According to agnostic materialism, the idea that the mind-body problem is particularly perplexing flows from our unjustified and relatively modern faith that we have an adequate grasp of the fundamental nature of matter, as some crucial general level of understanding, even if we are still uncertain about many details.

Galen Strawson remains committed to monism, to monistic physicalism, nonetheless. But he must remain neutral, or as he would have it, agnostic, as to just what the physics of it all might in the future turn out to be. I regard this as a modest position to take, one that, at some level, I suspect all conjectures about the nature matter, accept.
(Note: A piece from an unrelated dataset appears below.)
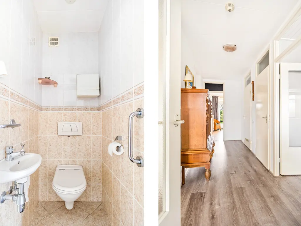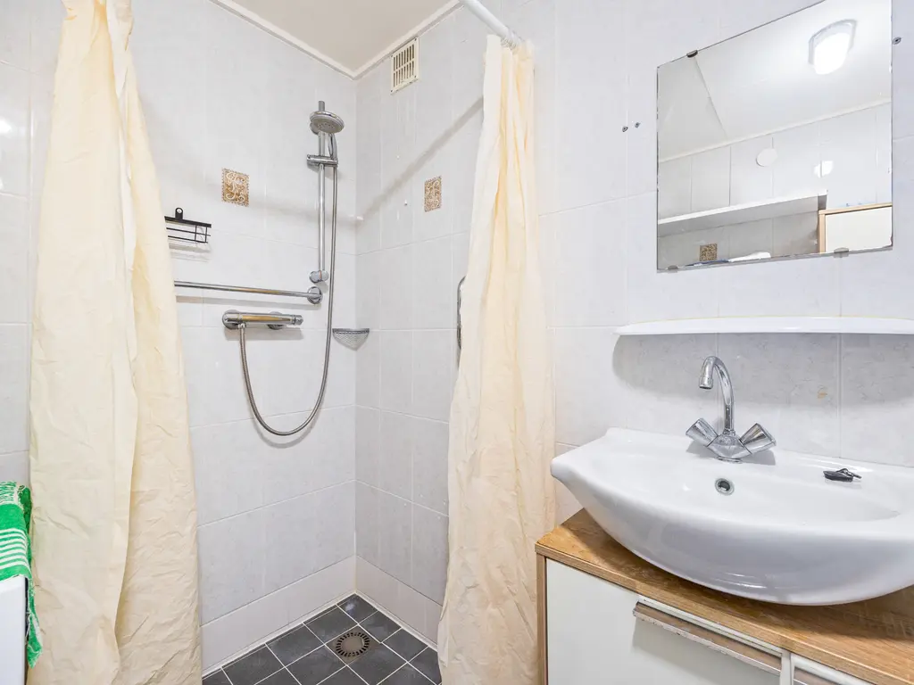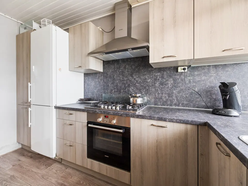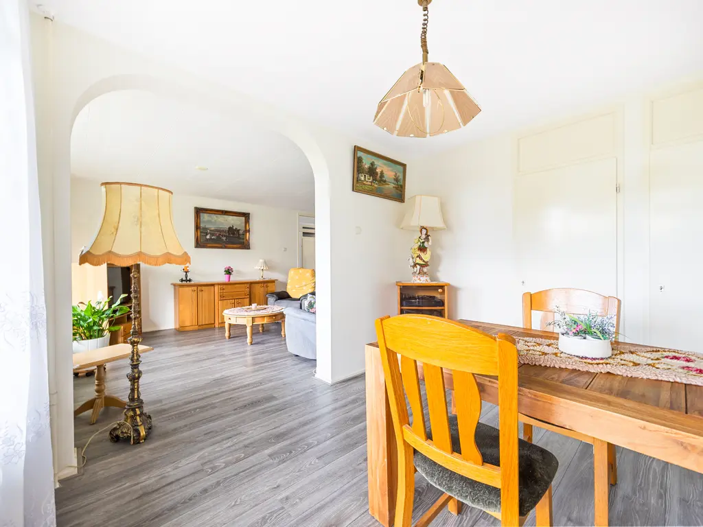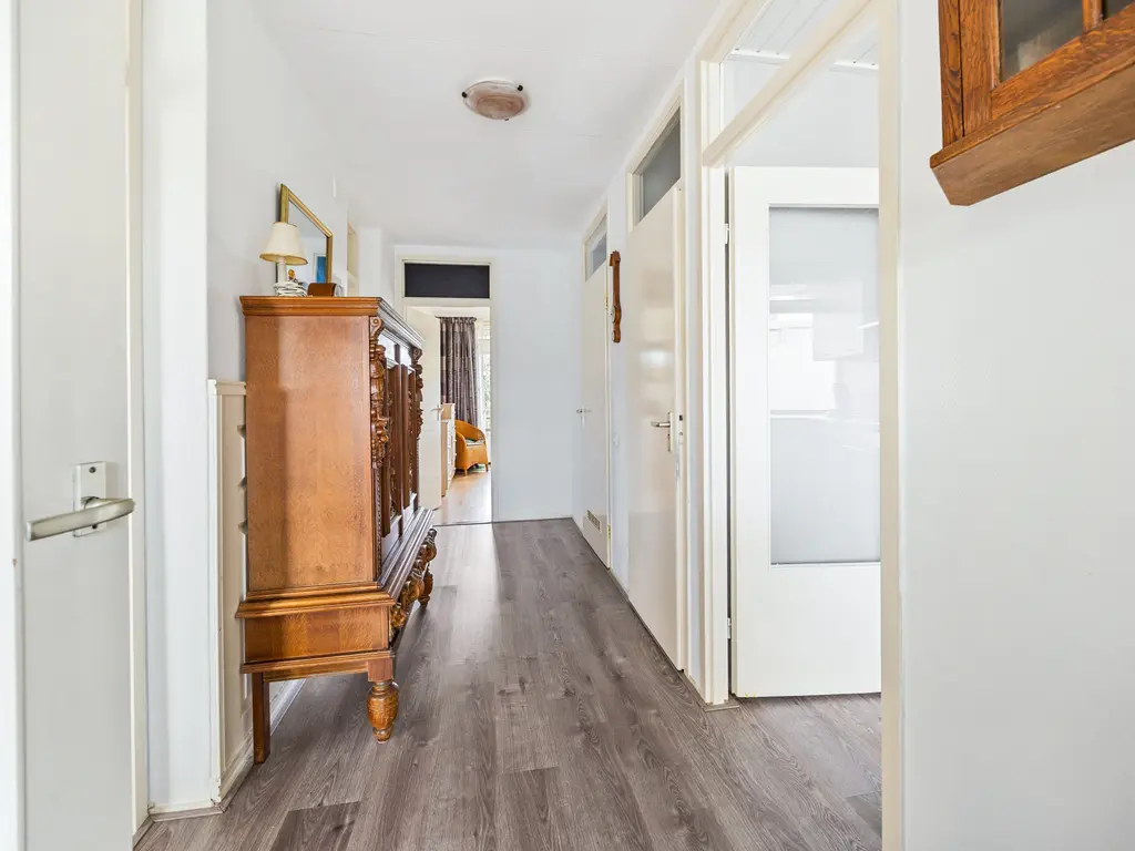 Through the entrance hall you enter the corridor. From here you have access to the kitchen (gallery side), bathroom, toilet (with wash basin), two bedrooms and the living room. The kitchen is equipped with a five-burner gas hob with extractor hood, oven, dishwasher (Siemens) and fridge-freezer combination. The bathroom has a shower, wash basin with cabinet and washing machine connection. The boiler is also located here. At the rear is the spacious and bright living room with adjoining dining room with built-in cupboards. Through a door and corridor from the living room you reach the third bedroom and a spacious storage room where the meter cupboard is located. From the living room, dining room and bedroom at the rear you have access to the sunny balcony across the full width.

It adds nothing to the debate, however, except that small clause about how science at this point cannot explain everything.

Although the age of Newton (not to mention achievements in the ancient world) have supplied us with detailed descriptions of the physical world at the macro-level, it is important to keep in mind that at the micro-level, at the level of particles, the science of physics is a fairly young subject. It is not only young, but by historic standards entirely surprising. I’m not sure how physicists prior to 1900 would have reacted to the fact that, for example, the neutral B meson goes from its particle to its anti-particle state at a rate of some three trillion times each second. They never faced such a challenge, in part because the measurement of such events, occurring at such a rate, was simply impossible. And what might they have said about there being six flavors of quarks, not to mention a strange quark, into the bargain.

In all, then, the expectation that physics will provide an increasingly detailed and perhaps evermore surprising account of the material world is sound and sensible. Agnostic materialism I argue is a non-position. While sound and sensible, it is just as problematic as all forms of agnosticism are. Except for the materialism, it is not a position about the ontology of the universe. It is merely an epistemological posture one takes with regard to things one cannot ultimately know all the things there is to know about it.

It would also seem sensible to conclude even at this early date that if consciousness proves to be something finally and ultimately physical, it will surely not be at the macro-level of chunks of brain tissue, but at the level of sub-particles. Accordingly, if the physicalist is to press on with attempts to ground consciousness in physics, there is good reason to believe that quantum physics will ultimately seal the causal closure debate.